Ateş olmayan yerden duman çıkmaz...

Ak Parti'de, öteden beri bir muhalif hareketin içten içe ısıtıldığı malûm.

Ekonomi bozulmuşsa, halk partiden hoşnut değil demektir. Halk hoşnut değilse, iç ve dış muhalifler kendileri için umut taşırlar.

Ak Parti'de "ağır toplar"ın önü kesilmiştir. "Baş"a mutî iseniz, "parti" kavramının hiçbir anlamı yok... Parti "O" zaten. 

Ekranlarda görüyoruz... Ak Parti'ye oy verenler, açık açık: "Oy verdim. Hâlâ vicdanım kanıyor Elim kırılsaydı da oy atmasaydım... Ülke battı, gidiyor... Ne olacak daha... Türkiye bitti kardeşim, gidin marketlere, manavlara bakın... Ne adalet, ne de demokrasi diye bir şey kalmadı ülkemizde..." diyorlar.

"Yandaş" ekranlarda bile pazara çıkıp halka sorma ihtiyacı duyuyorlar. Mutlu olacağı düşünülen insanlara mikrofon uzatıldığında, "Bakın şu fiyatlara!..." diyorlar. Arkasından gelen sözleri biliyorsunuz.  

Ak Parti yönetimi "Nerede hata yaptık?" sorusunu kendisine hiçbir surette sormuyor.

"Tepe"nin, etrafına güvensizliği o kadar fazla ki, "para musluğu"nun başına kendi damadını getiriyor. Damat bilir veya bilmez tartışması değil bu. Aşiretçi, cemaatçi zihniyetin açacağı yaradan bahsediyorum. Belki "damat" çok derin bilgi ve tecrübeye sahiptir. O ayrı. Zaten yanındaki insan. Her zaman istifade eder. Ama "musluk" oğul mesabesindeki damadın eline bırakılınca, tartışmanın önünü alamazsınız.
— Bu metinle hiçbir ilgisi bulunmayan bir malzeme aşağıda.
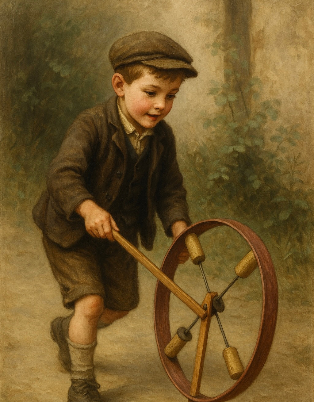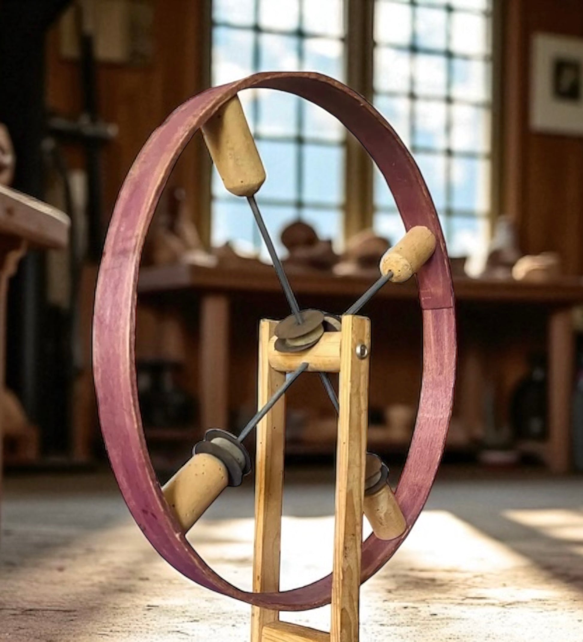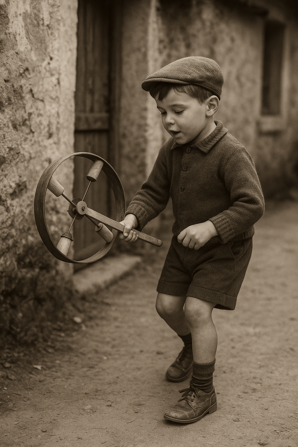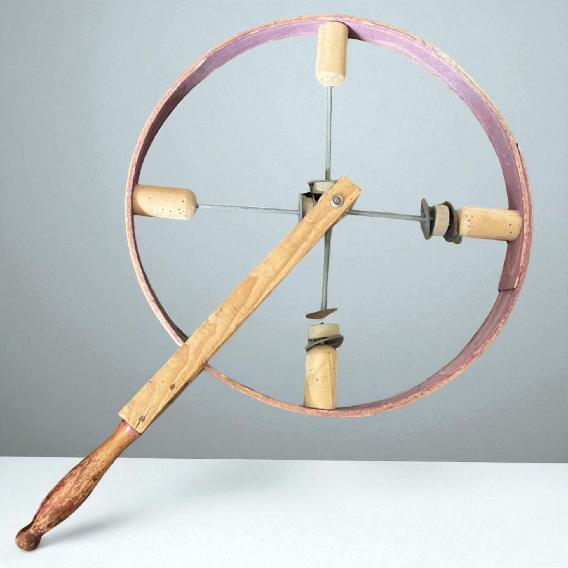 Un tempo bastava una ruota per far sorridere un bambino. Non servivano videogiochi, schermi, batterie. Solo un gesto del polso, una corsa, e il tintinnio del legno e del ferro cominciava la sua danza. Questo affascinante gioco d’infanzia di origine francese, risalente alla prima metà del Novecento, è un raro esempio di ruota sonora a percussione manuale, costruita in legno e metallo. Ruotando il manico, il movimento centrifugo attiva i quattro battenti interni che colpiscono l’anello, generando un suono ritmico e gioioso, accompagnato da piccoli dischi metallici che vibrano come sonagli. Si tratta di un gioco tanto semplice quanto geniale: uno strumento di meraviglia che stimolava la coordinazione, il ritmo e l’immaginazione, usato dai bambini nei cortili e nelle strade polverose di campagna, quando la fantasia era il motore di ogni avventura. Perfetto come oggetto da collezione, elemento decorativo o simbolo d’infanzia perduta, capace di evocare il rumore felice dei pomeriggi senza tempo. 🎁 Una piccola memoria che vibra ancora.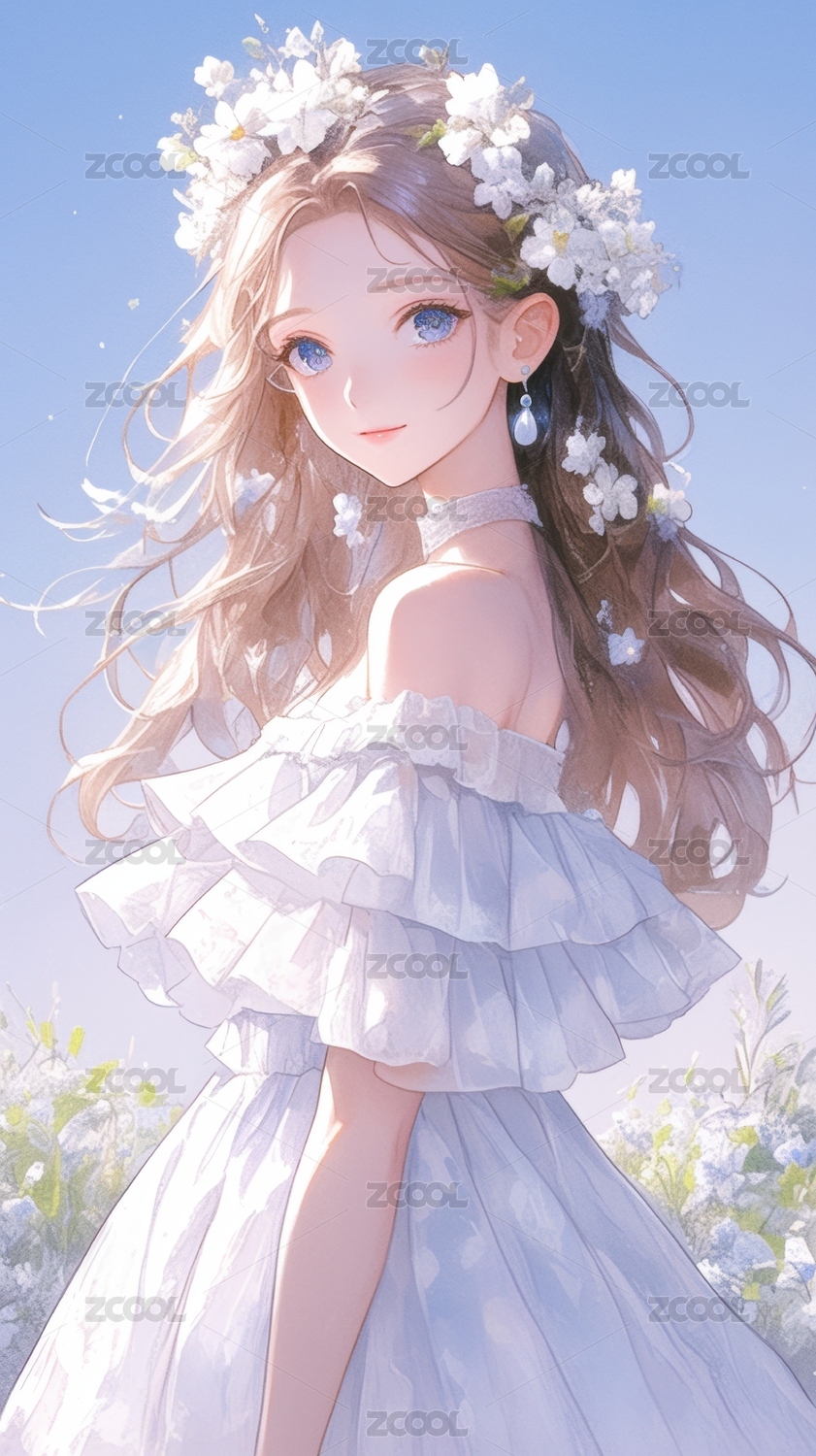 女生,长卷发,月牙,金发,浪漫,甜美,可爱,手绘,彩铅,白底

Bir parti başkanı tartışmaya yol açacak hareketlerden, tasarruflardan kaçınmalıdır. 82 milyon içinde adam kıtlığı mı var?! Kendi partisi içinde mutlaka "ehil" birini bulurdu.

Kaç gündür ortalık çalkalanıyor. "Kavakçı" soyadını taşıyan insanların ailece "Saray"da istihdamları İslâmî kriterlere ne derece uygun! Daha nice böyle "aşiret" bağlıları var! Cahiliye Dönemi'nde bile bu kadarı yoktu!

Aşiretçi zihniyet, İslâmda asırlardır bitmeyen tartışmalara yol açmıştır. Hz. Osman, 12 yıllık hilafetinin, altı yılında herkesi kucaklarken, son altı yılı ise aşiretini gözetmekle geçmiştir. Her yere kendi kabilesinden insanları yerleştirince tartışma büyümüş; istenmeyen, İslâmda kabulü asla mümkün olmayan bir neticeye varmıştır. Ve bu tartışmanın devamı, Hz. Ali'nin akıbetidir!

İslâmî hassasiyetlerin olduğunu her fırsatta dile getiren yönetim için tarihe atıfta bulunmak zait aslında. Hatayı, yönetimde değil; "fetvacılar"ında aramalıyız. Bir Allah'ın kulu çıkıp da "Durun! Yanlış yapıyorsunuz!" demiyor.

Böyle keyfî hareketler "İslâmcı anlayışlarına" zarar verir noktaya gelince, birileri elbette "Dava nereye götürülüyor!" diyeceklerdir.

Bir huruçtan bahsediliyor. "Yandaşlar içi" bir muhalif gazete varlığını -her engele rağmen- sürdürebiliyorsa ve bir tarafta "Millî Görüş"ü temsil eden Saadet Partisi hâlâ "Ben buradayım!" diyebiliyorsa bir şeylerin değişeceği muhakkaktır. Piar Araştırma Başkanı Kadir Atalay'ın şu analizini yabana atamayız:

"[İç muhalefet] AK Parti'nin yerel seçimlere kadar doğal yıpranma yaşayacağını, bir kısım seçmeninin zaten kopmuş olacağını öngörüyorlar. İkinci olarak; seçim öncesi girilen 'seçim ekonomisi'nin etkilerinin 1 Nisan'dan itibaren, bugüne kadar hiç yaşanmamış gerçek bir ekonomik çöküş yaratacağını biliyorlar. Yani; 'Erdoğan başarısız' sözünü kendilerinin değil, seçmenin söyleyeceği ânı bekliyorlar. İşte o gün önce Saadet Partisi'nin ismini değiştirecekler... Yeni iktidar partisi kurulmuş olacak. Meclis dağılımı değişecek, Erdoğan topal ördek olacak."